Они тронулись. Елисеев оглянулся: на дороге стоял и глядел им вслед ссутулившийся казак. У калитки на фоне вьющейся зелени ярко выделялось лицо женщины, издали казавшееся совсем молодым.

Елисеев вспомнил вдруг мальчишку-финна, стройного, белоголового, два дня ходившего за ним следом, бросавшегося в озеро за убитой птицей и всегда глядевшего доктору в глаза. Потом всплыла в памяти старушка крестьянка в новгородской деревне, заботливо укладывавшая его в постель, когда он вымок и вывихнул ногу. Вспомнился последний взгляд Урхо с разметавшейся длиннющей, как у гнома, бородой... Теперь, вот, Фроленко... А сколько их будет еще?..

- Думы мои, думы...

Строка эта зазвучала голосом Игната Романовича. Старик часто напевал оставшиеся для него навсегда родными стихи Кобзаря.

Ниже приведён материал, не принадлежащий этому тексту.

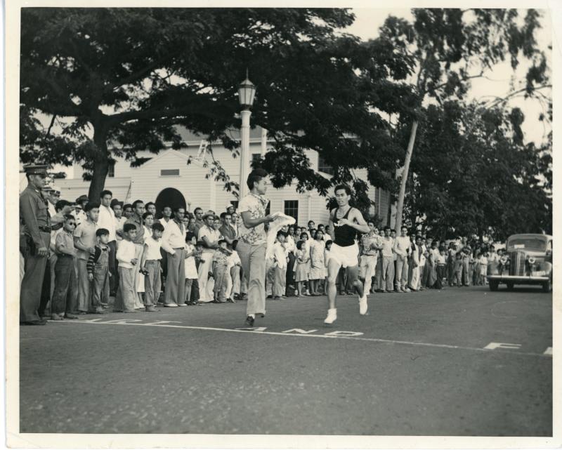 - Track Athlete (Norman Tamanaha) Running to Finish Line, 1938.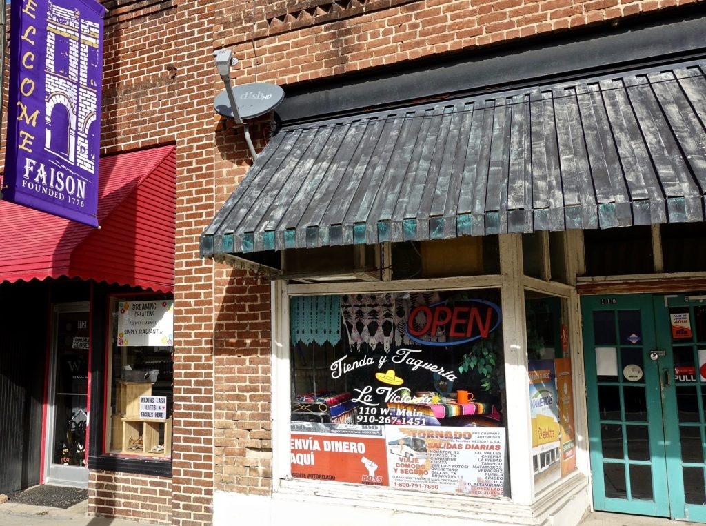 In an otherwise mostly empty downtown Faison NC, Hispanic immigrants have opened new businesses.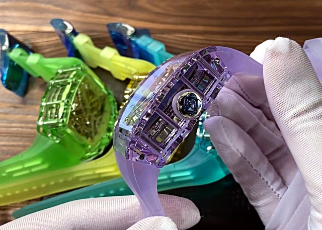 本モデルはケース全体をクリスタルガラス製としたモデルとなります。圧倒的な透明感が人気の無色透明なクリスタルガラスモデルだけではなく、カラークリスタルガラスを使用したカラフルなモデルも登場いたしました。クリスタルガラスの圧倒的な透明感とカラフルな輝きはまるで宝石を思い起こさせる美しさです。
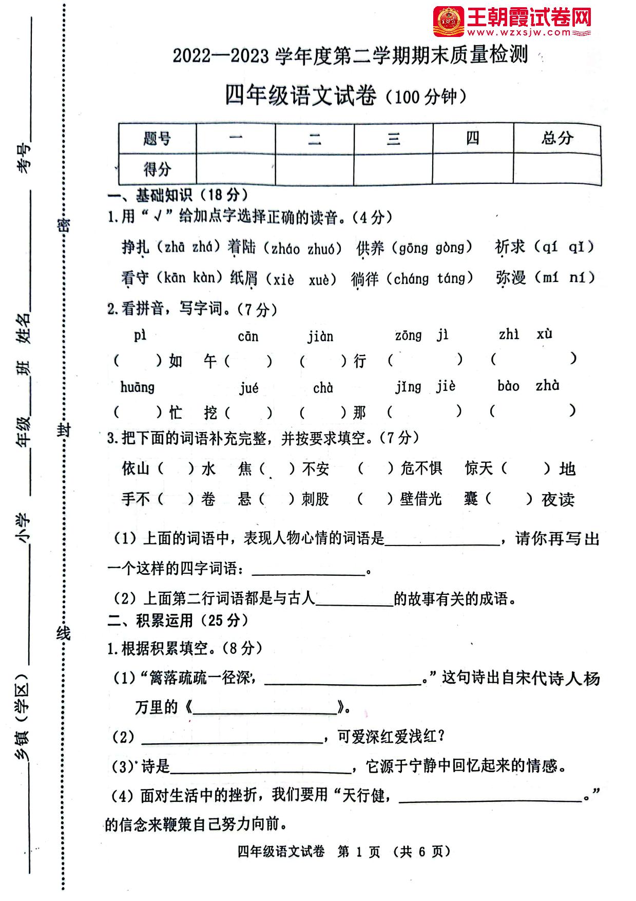 四年级语文人教版下册期末卷

Гранов, ехавший впереди, пытался заставить своего мула гарцевать, наподобие кавалерийского коня. Мул не понимал, чего от него хотят, останавливался, пятился, потом пускался неуклюжей рысью.

Вдохновенный идальго жаждал приключений. И они не преминули случиться.

Уже три дня как они жили у гостеприимного крестьянина-араба. Хозяйская дочка - черноволосая красавица - бросала на Гранова жгучие взгляды. Гранов быстро забыл все наставления Фроленко и даже произнес несколько арабских стихов. А потом так осмелел, что последовал за нею. Кончилось тем, что отец, схватил дочь, избил ее и куда-то спрятал.

Елисеев вынужден был найти повод, чтобы расстаться с добрым феллахом. По дороге он учинил Гранову разнос.

Они двинулись в глубь Верхнего Египта, к развалинам древнего "города Собак" - Кинополиса. Гранов кротко нес справедливое наказание и трогательно заискивал, пытаясь загладить инцидент всякими добропорядочными действиями. Он приобрел доктору для коллекции мумию черной собаки, расстелил свой роскошный белый китель на земле и собрал для друга нескольких нетопырей, опустившихся на него. Наконец, искренне раскаиваясь, просил прощения.

Согласие Елисеева с предложением Гранова путешествовать по воде означало восстановление мира и дружеских отношений.

Они отправились по Нилу в большой лодке - дахабие. Гранов был в восторге, он ощущал себя викингом, покоряющим таинственные земли, населенные неведомыми народами, и выкрикивал:

Ветер весело шумит,

Судно весело бежит!

- "Друг Аркадий, не говори красиво", - процитировал в тон Елисеев, раздосадованный остановкой.

Ветер весело не шумел, паруса лодки безжизненно обвисли. Неудачники посидели на корме, вглядываясь в берега, потом взялись за весла.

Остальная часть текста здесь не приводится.